Une technologie bien rodée

Paro fait 60cm de long pour 2,5kg. Il fonctionne grâce à 7 moteurs qui animent l’ensemble de son corps. Il possède 12 capteurs qui lui permettent d’interagir avec son propriétaire et son environnement. 3 microphones et un logiciel de reconnaissance vocale y sont aussi intégrés pour que Paro réagisse à son nom. Tout ces éléments permettent à la peluche de « prendre vie » ; En l’occurrence, elle émet différents sons et se blottit contre son propriétaire pour dormir lorsqu’il la caresse.

Un dispositif efficace

Natalie Gavard, directrice adjointe d’une maison de retraite, à intégré Paro à son établissement et affirme que son arrivée à changé le comportement des habitants.

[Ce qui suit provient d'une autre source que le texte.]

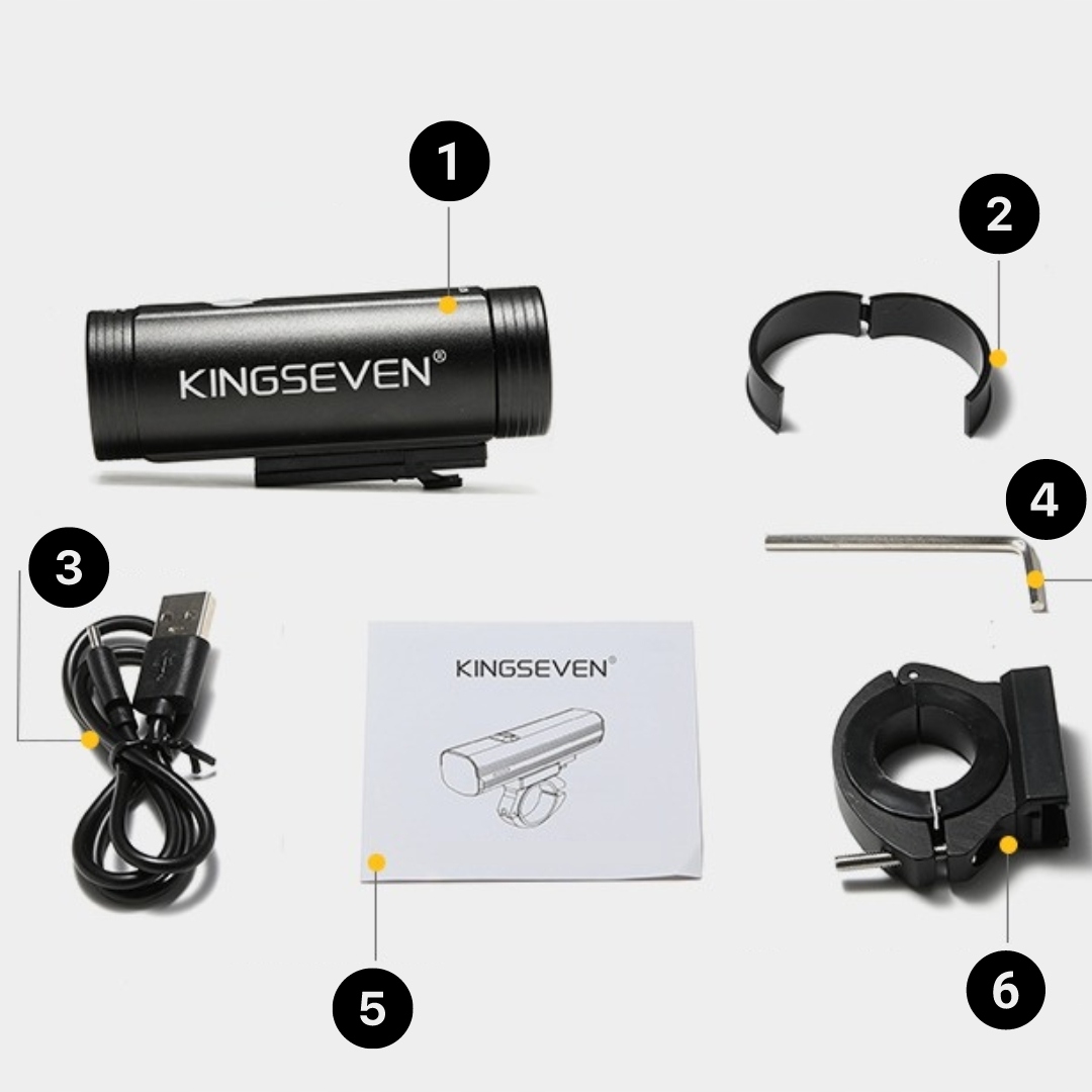 - Велосипедні ліхтарі, пропоновані брендом KINGSEVEN®, забезпечують комплексне освітлення та безпеку, яку ви можете легко гарантувати самі.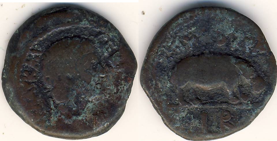 Aus Alexandria stammt dieser Obol des Claudius (AD 41-54) mit dem Jahr 2, der 4,71g auf die Waage bringt bei einem Leibesumfang von 20,4mm.

Les pensionnaires échangent plus entre eux et avec le personnel. Paro leur redonne manifestement le sourire et les aide à gérer leurs angoisses et (ou) leurs crises.

Une avancée technologique qui permet d’améliorer le quotidien de nombreuses personnes. Paro a l’air si attachant qu’on ne peut qu’avoir envie de le câliner.